It is now possible to collect a large amount of data about personal movement using activity monitoring devices such as a Fitbit, Nike Fuelband, or Jawbone Up. These type of devices are part of the “quantified self” movement - a group of enthusiasts who take measurements about themselves regularly to improve their health, to find patterns in their behavior, or because they are tech geeks.This assignment makes use of data from a personal activity monitoring device. This device collects data at 5 minute intervals through out the day. The data consists of two months of data from an anonymous individual collected during the months of October and November, 2012 and include the number of steps taken in 5 minute intervals each day.
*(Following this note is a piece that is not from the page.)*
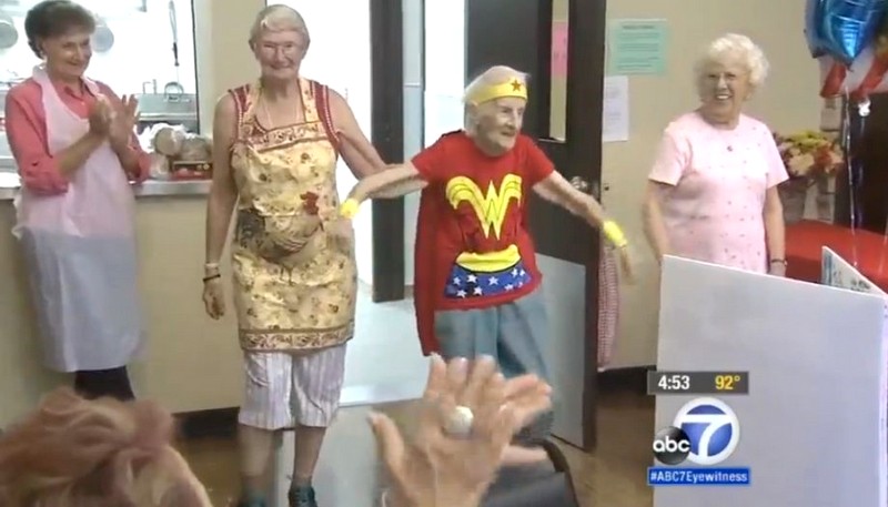 Mary Cotteres una mujer que no hace mucho cumplió 103 años de edad y los celebró en un centro de acogida de mayores en California donde es voluntaria hace 25 años. Sus amigos le regalaron este traje de mujer maravilla porque ha sido una mujer ejemplar que ha dedicado gran parte de su vida a ayudar a los demás convirtiéndola en una heroína de la vida real.-¿Cuál es el secreto de su larga vida? -

Dataset: https://d396qusza40orc.cloudfront.net/repdata%2Fdata%2Factivity.zip
The variables included in this dataset are:
steps: Number of steps taking in a 5-minute interval (missing values are coded as NA) date: The date on which the measurement was taken in YYYY-MM-DD format interval: Identifier for the 5-minute interval in which measurement was taken The dataset is stored in a comma-separated-value (CSV) file and there are a total of 17,568 observations in this dataset. #Necessary packages to be installed
library(lubridate)
## Warning: package 'lubridate' was built under R version 3.4.2
##
## Attaching package: 'lubridate'
## The following object is masked from 'package:base':
##
## date
library(dplyr)
## Warning: package 'dplyr' was built under R version 3.4.2
##
## Attaching package: 'dplyr'
## The following objects are masked from 'package:lubridate':
##
## intersect, setdiff, union
## The following objects are masked from 'package:stats':
##
## filter, lag
## The following objects are masked from 'package:base':
##
## intersect, setdiff, setequal, union
library(reshape2)
## Warning: package 'reshape2' was built under R version 3.4.2
library(ggplot2)
## Warning: package 'ggplot2' was built under R version 3.4.2
Calculate the total number of steps taken per day Histogram of total no of steps taken each day Mean and Median of total no of steps taken per day
actMeltDat <- melt(activitydata, id= "date",measure.vars = "steps", na.rm = TRUE)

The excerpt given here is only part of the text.